Two giants of the US financial services market, insurer Metlife and investment bank JP Morgan, have begun a legal battle in the UK High Court over a $107m sum the insurance firm says it is owed after ‘breaches of contract’.
Metlife is suing its banker for not paying what it says is the true value of Argentine inflation-linked bonds, purchased in 2007, after the state rigged data to distort inflation figures.
The insurer’s Argentinean unit claims JP Morgan is using a figure it ‘knows to be false and distorted’, with the investment bank’s Buenos Aires managing director Facundo Manujin having acknowledged the state’s ‘falsification’ of inflation measurement the consumer price index.
Metlife has instructed Tim Strong, a disputes partner at Taylor Wessing, and John Taylor QC of Fountain Court to bring the claim. Metlife’s legal team will argue that the losses were caused by JP Morgan’s use of an index that economists argue only accounts for a third of true inflation levels and is not in good faith of the deal. The insurer is also seeking interest and costs.

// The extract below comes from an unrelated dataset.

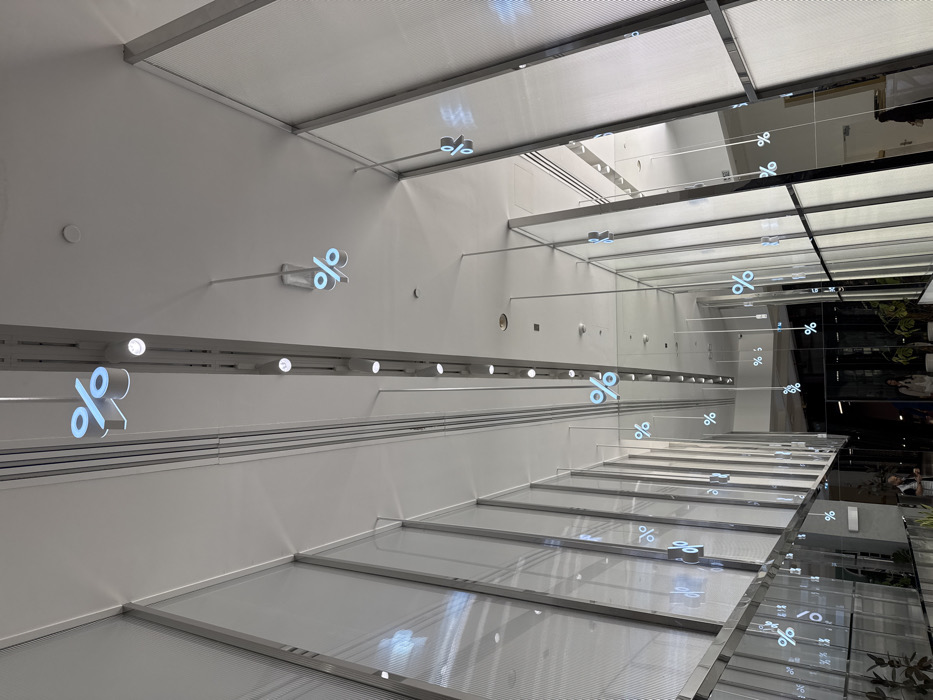 The image depicts the interior of a % Arabica coffee shop, located within the Place Vendôme Mall in Lusail, Qatar. The scene is a brightly illuminated, high-ceilinged corridor or open space. Numerous light blue, three-dimensional percent (%) symbols, the brand's logo, are suspended at various heights from the white ceiling. The ceiling also features recessed circular downlights arranged in linear tracks. Tall, vertical panels, some reflective and some with a textured, vertically striated pattern, line the perimeter of the space. These panels are framed by dark mullions. In the lower portion of the image, several indistinct human figures are visible, some appearing to walk or stand. Green foliage from potted plants is present near a reflective barrier in the foreground. The overall environment is modern, minimalist, and brightly lit, with reflections visible on polished surfaces.

JP Morgan’s own economist admits that inflation levels were over double that of the consumer price index but the investment bank argues that there is ‘no event, no matter how grotesque the restrictions or limitations placed on the calculation’ that could alter the level of return on the bond.
Allen & Overy partner Calum Burnett and David Wolfson QC of One Essex Court have been instructed by JP Morgan. Hearings are set to conclude by 30th January.